Los sacerdotes deben abrazar la condición humana con ojos de fe, encontrando a Dios en medio de las debilidades propias y ajenas. Aquí, el Padre Ryan Mutayomba, O.F.M.Conv. celebra el sacramento de la Reconciliación en la Basílica y Santuario Nacional de Nuestra Señora de la Consolación en Carey, Ohio. (Foto cortesía de los Frailes Franciscanos Conventuales)


HACE AÑOS estuve en una reunión de familiares a los que no veo a menudo. Mientras hablaba con mi prima y su marido, su hija de siete años se acercó y se sentó en su regazo. En una pausa de nuestra conversación, la pequeña Megan se inclinó hacia mí y me dijo: “ Tú eres el cura, ¿verdad?”

“Ese soy yo.”

“Bien”, dijo, y sus ojos se encendieron de expectación. “Dime todo lo que sabes sobre Dios.”

Me sentí abrumado por el asombro y el deseo de esta niña de siete años. Por supuesto, no había tiempo suficiente—ni ahora ni entonces—para contarle todo lo que sabía sobre Dios. Y su pregunta me recordó que lo que sé de Dios siempre será bastante limitado. Pero, como sacerdote, estoy comprometido a aprender todo lo que pueda sobre nuestro Dios y a compartirlo con los demás, especialmente a través de los sacramentos.

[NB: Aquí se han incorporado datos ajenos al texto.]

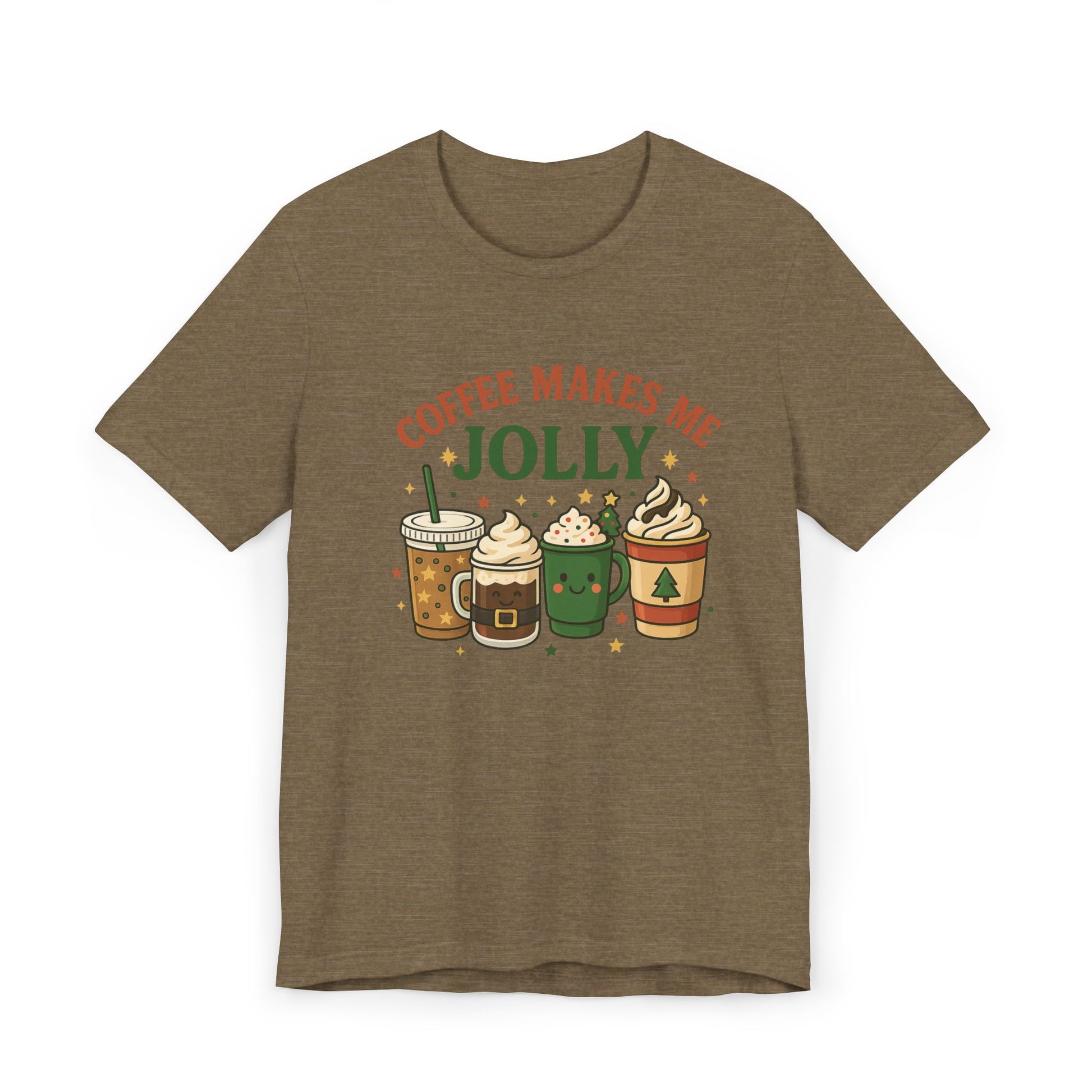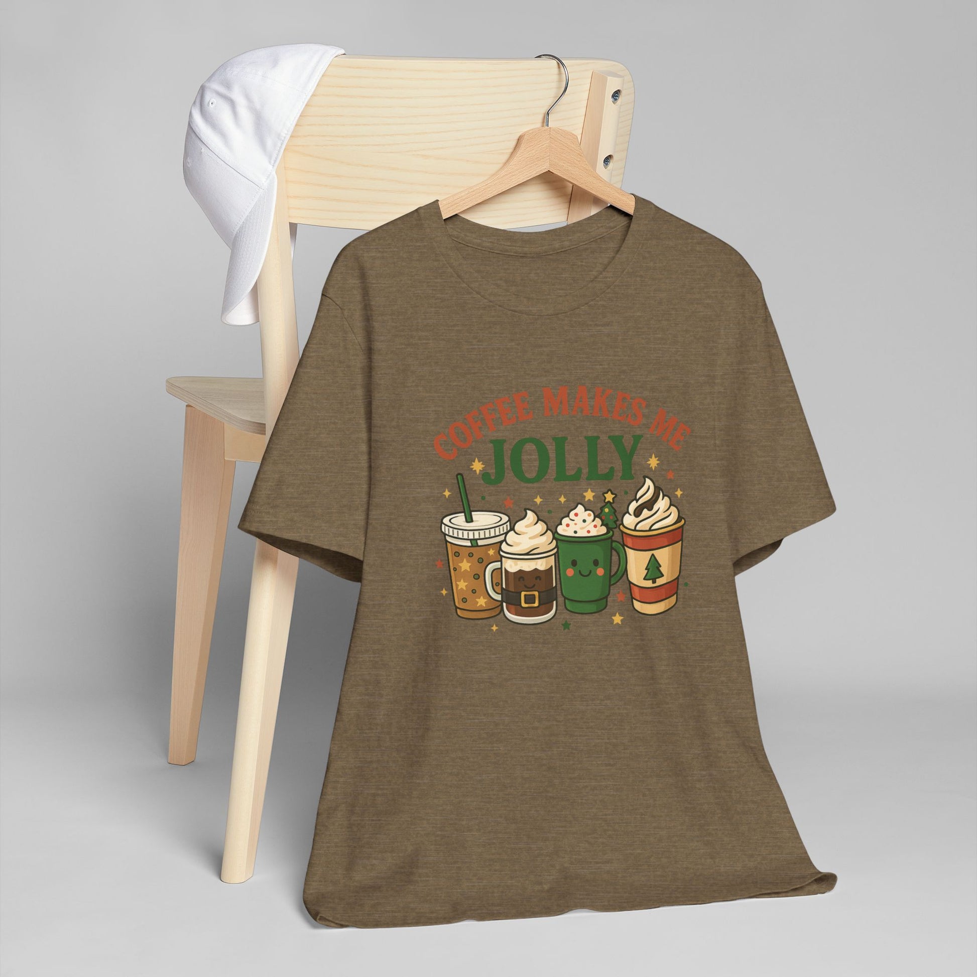 Bring holiday cheer and coffee love together with this festive Coffee Makes Me Jolly T-Shirt. Designed for coffee lovers in the USA, this tee keeps you comfy, stylish, and in the holiday spirit.

Ser un buen sacerdote comienza, ante todo, con esa relación con Dios—aprender y experimentar todo lo posible, amar y ser amado por un Dios que es a la vez inmanente—con nosotros— y trascendente—más allá de nosotros. Es un proceso continuo y vivo con muchas facetas, y siempre empieza con la oración.

Orar y predicar

La oración es el ancla para todo sacerdote. Su oración personal es un tiempo de solaz y silencio en la presencia de Dios. También es un tiempo de palabras—palabras dichas de la manera que mejor nutre la relación de ese sacerdote. El elemento crucial es que el sacerdote dedique realmente tiempo a la oración personal. Puede parecer extraño hacer este comentario, pero las constantes exigencias del ministerio y las muchas ocasiones para la oración pública pueden fácilmente interrumpir el tiempo de oración personal con Dios.

Cuando el difunto cardenal Joseph Bernardin era arzobispo de Cincinnati, se dio cuenta—con la ayuda de tres jóvenes sacerdotes—de que necesitaba más tiempo de calidad con Dios. Decidió dedicar la primera hora de cada día a la oración y la meditación. Con todas las exigencias de ser pastor de un gran rebaño, fue esa hora, escribió más tarde, la que lo sostuvo durante todo el día y lo convirtió en un buen sacerdote y obispo.

La oración personal siempre informa y enriquece la oración pública, y viceversa. Para un sacerdote diocesano, el antiguo régimen de salmos y oraciones de la Liturgia de las Horas es ante todo una oración privada. Para los sacerdotes que pertenecen a una orden religiosa, es una oración rezada con los miembros de su comunidad. La Liturgia de las Horas es la oración de la Iglesia, el eje de otras oraciones y liturgias públicas, y es esencial para que los sacerdotes desarrollen una relación más profunda con Dios.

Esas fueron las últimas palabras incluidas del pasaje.